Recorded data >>
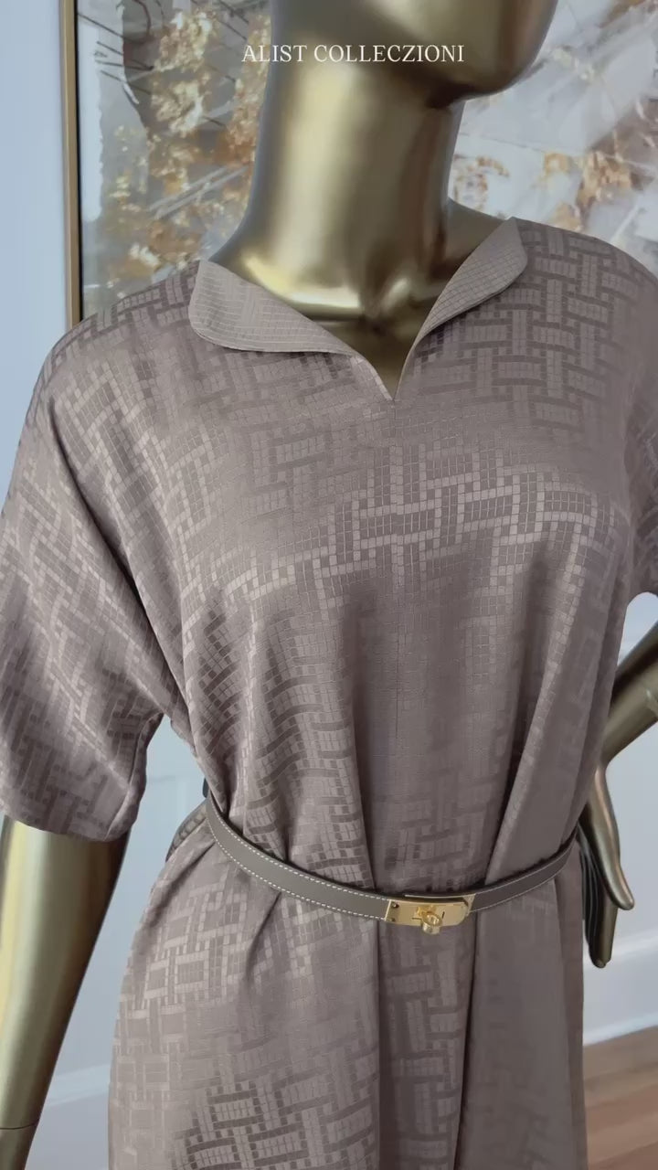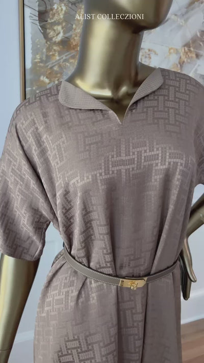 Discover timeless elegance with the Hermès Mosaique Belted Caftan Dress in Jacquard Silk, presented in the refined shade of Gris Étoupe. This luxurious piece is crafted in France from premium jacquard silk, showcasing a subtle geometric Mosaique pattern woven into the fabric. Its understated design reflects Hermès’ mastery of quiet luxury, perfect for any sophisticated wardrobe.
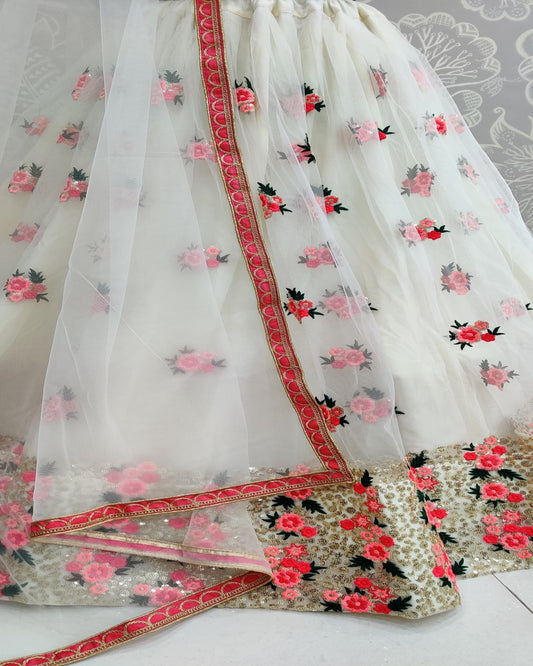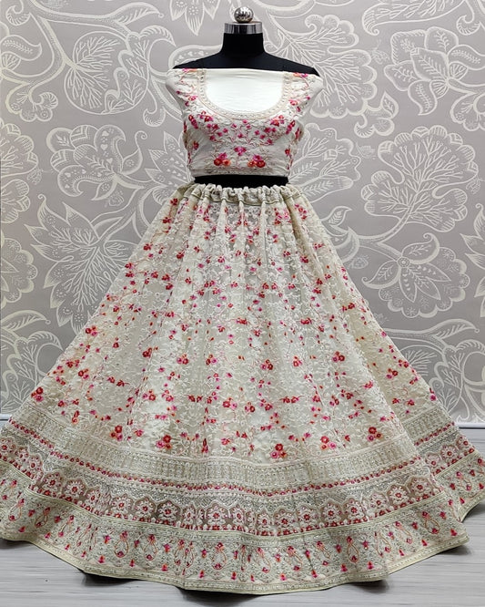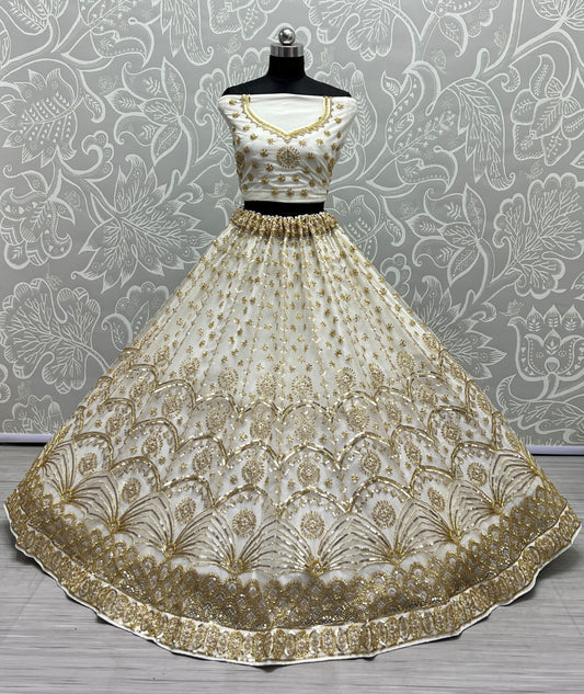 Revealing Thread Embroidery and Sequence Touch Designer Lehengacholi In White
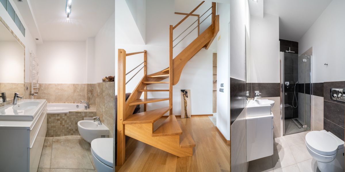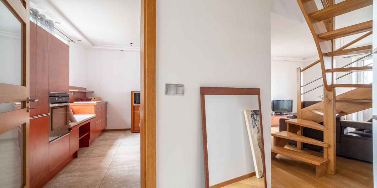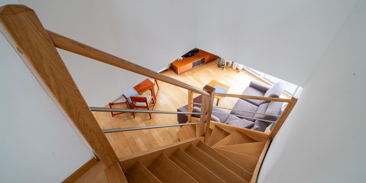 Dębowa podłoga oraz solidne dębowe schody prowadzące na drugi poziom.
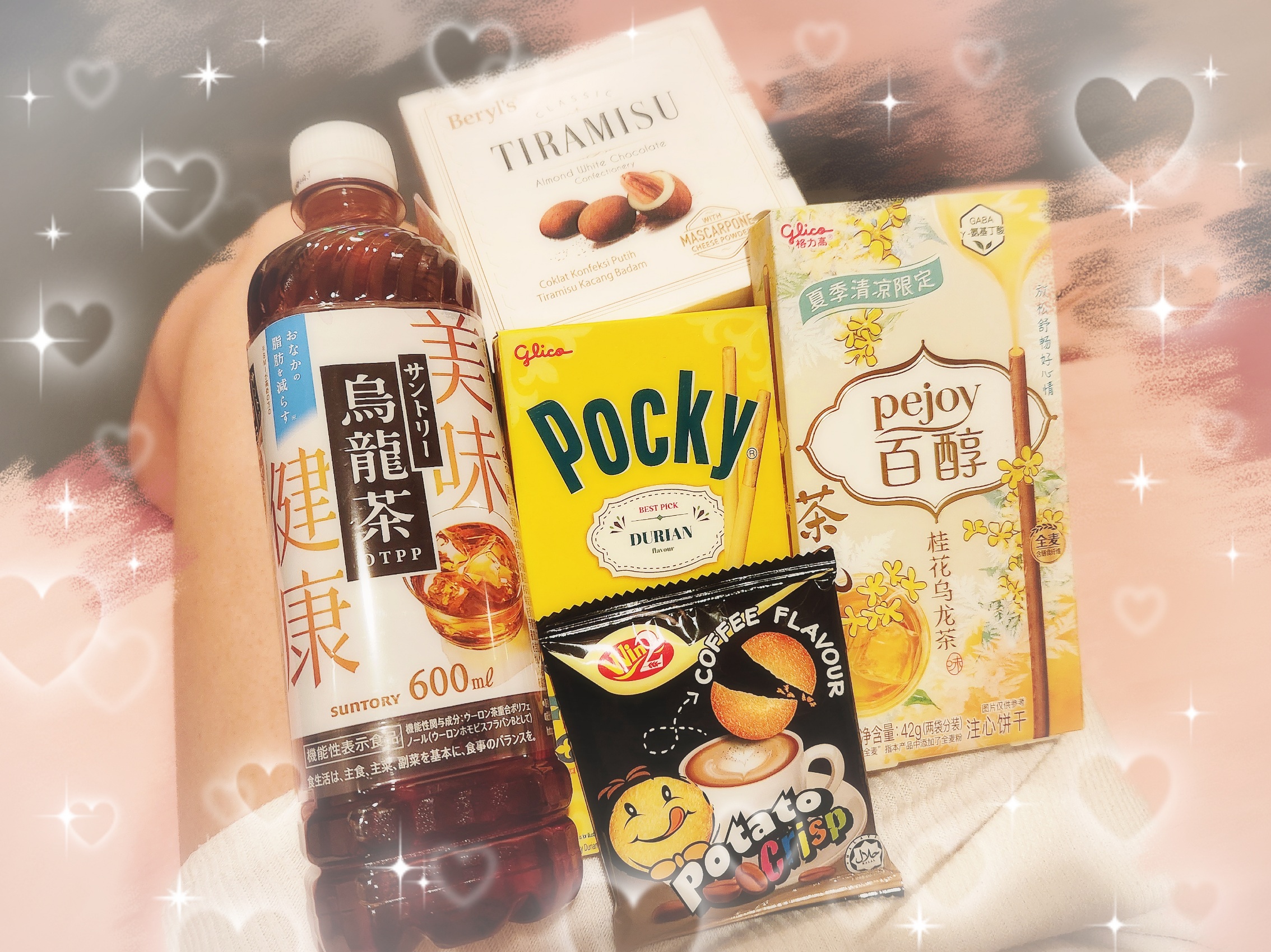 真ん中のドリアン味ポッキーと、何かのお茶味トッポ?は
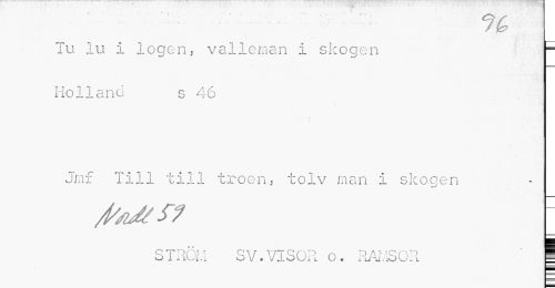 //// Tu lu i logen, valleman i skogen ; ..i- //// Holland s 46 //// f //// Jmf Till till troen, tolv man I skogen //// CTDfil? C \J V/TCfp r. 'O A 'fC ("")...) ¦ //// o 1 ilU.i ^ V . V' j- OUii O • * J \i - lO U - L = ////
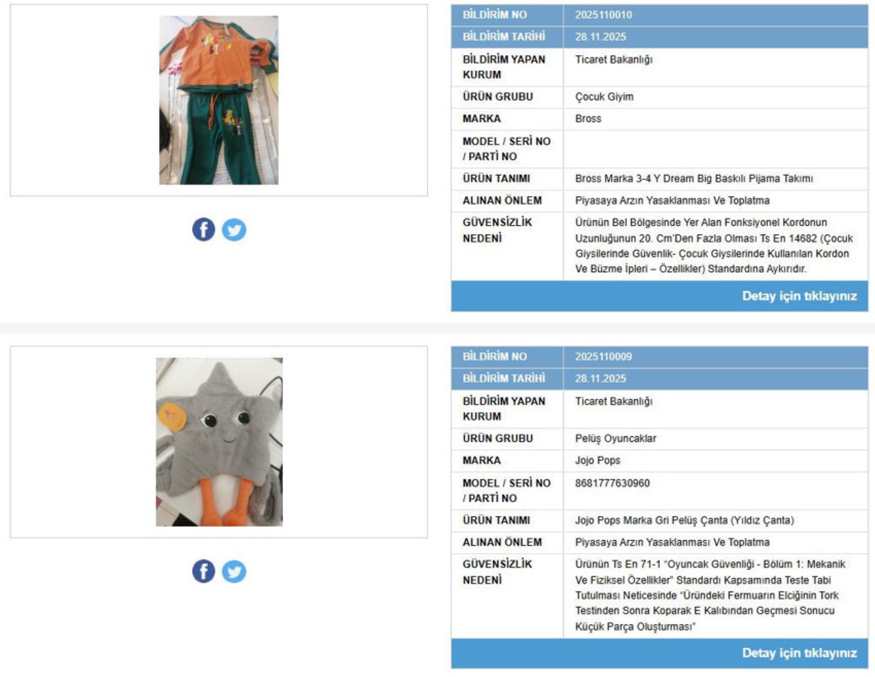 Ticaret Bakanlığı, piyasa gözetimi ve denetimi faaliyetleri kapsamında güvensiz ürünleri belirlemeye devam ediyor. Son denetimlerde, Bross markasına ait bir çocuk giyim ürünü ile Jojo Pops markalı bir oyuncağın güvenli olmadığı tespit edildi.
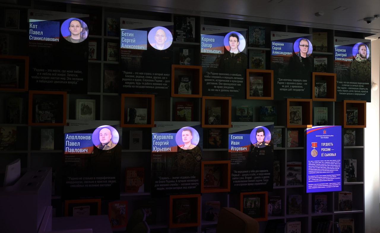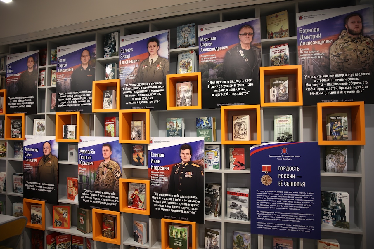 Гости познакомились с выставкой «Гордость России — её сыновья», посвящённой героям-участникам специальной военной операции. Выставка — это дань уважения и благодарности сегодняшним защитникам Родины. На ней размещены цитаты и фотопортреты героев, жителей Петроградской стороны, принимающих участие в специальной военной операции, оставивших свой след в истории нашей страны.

What you should do >> Reproduce the data above in full, exactly, with the images removed.

Solution for this problem >>
 Discover timeless elegance with the Hermès Mosaique Belted Caftan Dress in Jacquard Silk, presented in the refined shade of Gris Étoupe. This luxurious piece is crafted in France from premium jacquard silk, showcasing a subtle geometric Mosaique pattern woven into the fabric. Its understated design reflects Hermès’ mastery of quiet luxury, perfect for any sophisticated wardrobe.
 Revealing Thread Embroidery and Sequence Touch Designer Lehengacholi In White
 Dębowa podłoga oraz solidne dębowe schody prowadzące na drugi poziom.
 真ん中のドリアン味ポッキーと、何かのお茶味トッポ?は
 //// Tu lu i logen, valleman i skogen ; ..i- //// Holland s 46 //// f //// Jmf Till till troen, tolv man I skogen //// CTDfil? C \J V/TCfp r. 'O A 'fC ("")...) ¦ //// o 1 ilU.i ^ V . V' j- OUii O • * J \i - lO U - L = ////
 Ticaret Bakanlığı, piyasa gözetimi ve denetimi faaliyetleri kapsamında güvensiz ürünleri belirlemeye devam ediyor. Son denetimlerde, Bross markasına ait bir çocuk giyim ürünü ile Jojo Pops markalı bir oyuncağın güvenli olmadığı tespit edildi.
 Гости познакомились с выставкой «Гордость России — её сыновья», посвящённой героям-участникам специальной военной операции. Выставка — это дань уважения и благодарности сегодняшним защитникам Родины. На ней размещены цитаты и фотопортреты героев, жителей Петроградской стороны, принимающих участие в специальной военной операции, оставивших свой след в истории нашей страны.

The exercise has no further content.